▶ SOURCE RECORDS:
▽

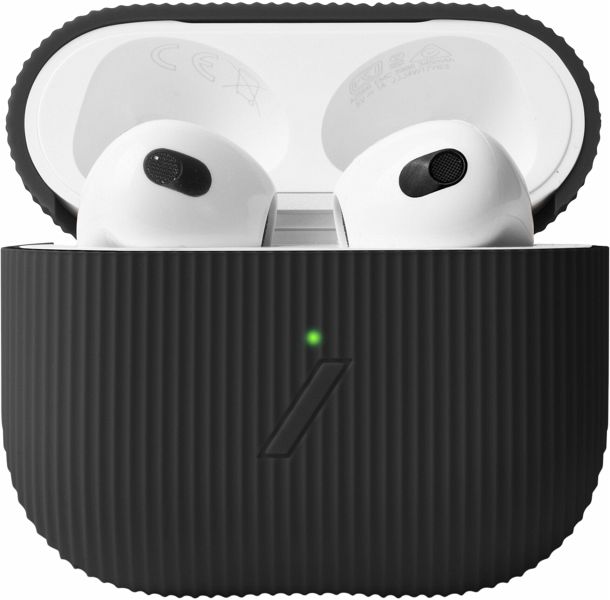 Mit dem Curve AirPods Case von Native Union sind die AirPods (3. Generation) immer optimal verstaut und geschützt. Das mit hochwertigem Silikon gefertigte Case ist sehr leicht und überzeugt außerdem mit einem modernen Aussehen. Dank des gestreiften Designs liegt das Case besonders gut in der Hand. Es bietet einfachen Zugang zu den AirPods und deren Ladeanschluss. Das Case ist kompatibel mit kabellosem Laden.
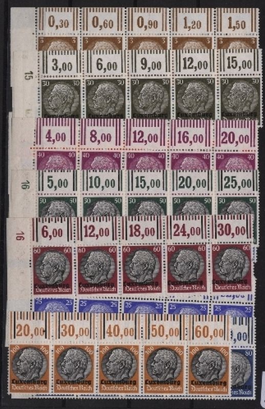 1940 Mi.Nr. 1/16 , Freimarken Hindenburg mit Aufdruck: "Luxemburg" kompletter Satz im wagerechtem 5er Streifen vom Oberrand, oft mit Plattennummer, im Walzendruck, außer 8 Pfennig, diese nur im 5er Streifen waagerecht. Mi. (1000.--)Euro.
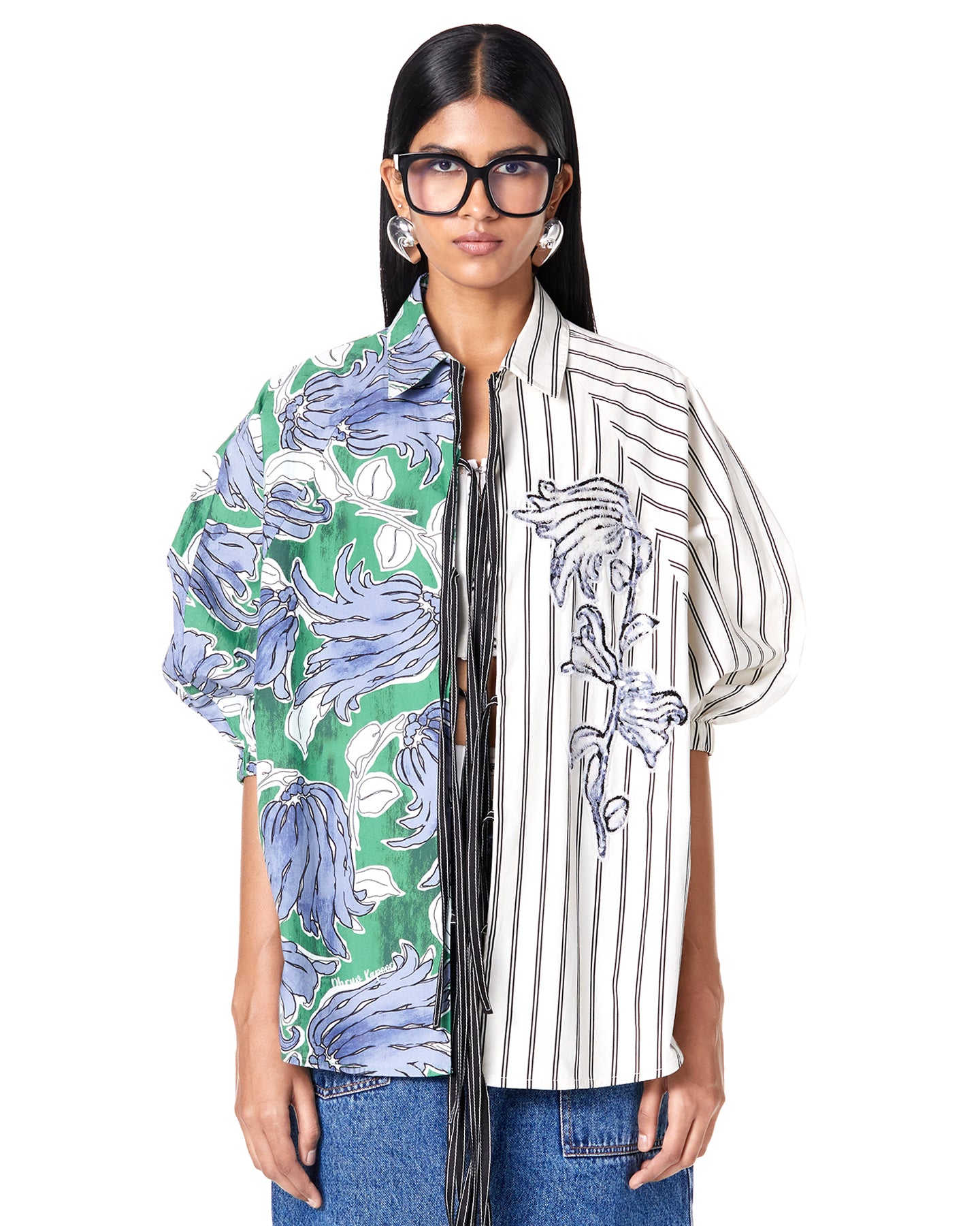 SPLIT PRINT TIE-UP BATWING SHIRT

△
▽

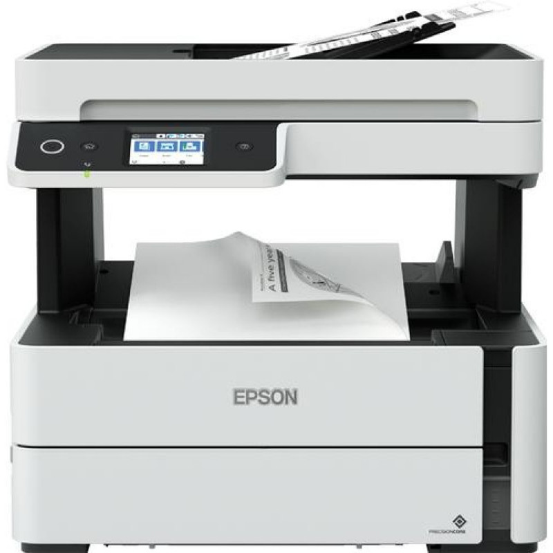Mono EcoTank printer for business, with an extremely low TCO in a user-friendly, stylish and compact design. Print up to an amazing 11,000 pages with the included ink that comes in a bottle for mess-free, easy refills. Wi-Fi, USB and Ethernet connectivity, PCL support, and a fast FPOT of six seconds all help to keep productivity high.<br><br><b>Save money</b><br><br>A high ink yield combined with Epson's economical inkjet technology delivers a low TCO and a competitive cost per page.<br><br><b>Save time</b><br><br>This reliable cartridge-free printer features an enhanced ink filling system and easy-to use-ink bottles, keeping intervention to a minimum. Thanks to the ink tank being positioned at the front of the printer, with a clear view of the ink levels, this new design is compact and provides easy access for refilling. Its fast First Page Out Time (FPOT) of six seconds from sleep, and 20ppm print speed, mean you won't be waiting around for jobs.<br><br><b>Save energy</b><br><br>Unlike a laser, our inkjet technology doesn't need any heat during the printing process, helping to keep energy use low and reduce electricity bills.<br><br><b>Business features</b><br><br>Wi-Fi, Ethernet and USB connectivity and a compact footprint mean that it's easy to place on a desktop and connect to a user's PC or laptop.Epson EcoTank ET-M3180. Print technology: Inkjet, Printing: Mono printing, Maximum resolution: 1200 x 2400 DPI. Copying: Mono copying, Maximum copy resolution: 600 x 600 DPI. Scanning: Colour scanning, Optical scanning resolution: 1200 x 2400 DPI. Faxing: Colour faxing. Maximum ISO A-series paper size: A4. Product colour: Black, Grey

△
▽

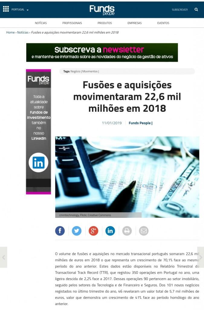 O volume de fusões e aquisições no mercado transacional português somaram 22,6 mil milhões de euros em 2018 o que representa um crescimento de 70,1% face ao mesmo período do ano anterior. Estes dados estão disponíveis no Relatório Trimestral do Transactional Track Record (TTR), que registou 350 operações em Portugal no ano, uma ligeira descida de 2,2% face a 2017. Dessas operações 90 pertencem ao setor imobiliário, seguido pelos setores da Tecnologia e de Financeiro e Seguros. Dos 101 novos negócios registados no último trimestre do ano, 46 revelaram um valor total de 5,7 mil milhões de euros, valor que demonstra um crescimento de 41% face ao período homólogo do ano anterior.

△

▶ TASK GOAL: Among the entries above, take the line with "Mit dem Curve", the line with "SPLIT PRINT TIE-UP BATWING SHIRT", and all the lines between them, and restate them word for word without pictures.

▶ TASK OUTPUT:
 Mit dem Curve AirPods Case von Native Union sind die AirPods (3. Generation) immer optimal verstaut und geschützt. Das mit hochwertigem Silikon gefertigte Case ist sehr leicht und überzeugt außerdem mit einem modernen Aussehen. Dank des gestreiften Designs liegt das Case besonders gut in der Hand. Es bietet einfachen Zugang zu den AirPods und deren Ladeanschluss. Das Case ist kompatibel mit kabellosem Laden.
 1940 Mi.Nr. 1/16 , Freimarken Hindenburg mit Aufdruck: "Luxemburg" kompletter Satz im wagerechtem 5er Streifen vom Oberrand, oft mit Plattennummer, im Walzendruck, außer 8 Pfennig, diese nur im 5er Streifen waagerecht. Mi. (1000.--)Euro.
 SPLIT PRINT TIE-UP BATWING SHIRT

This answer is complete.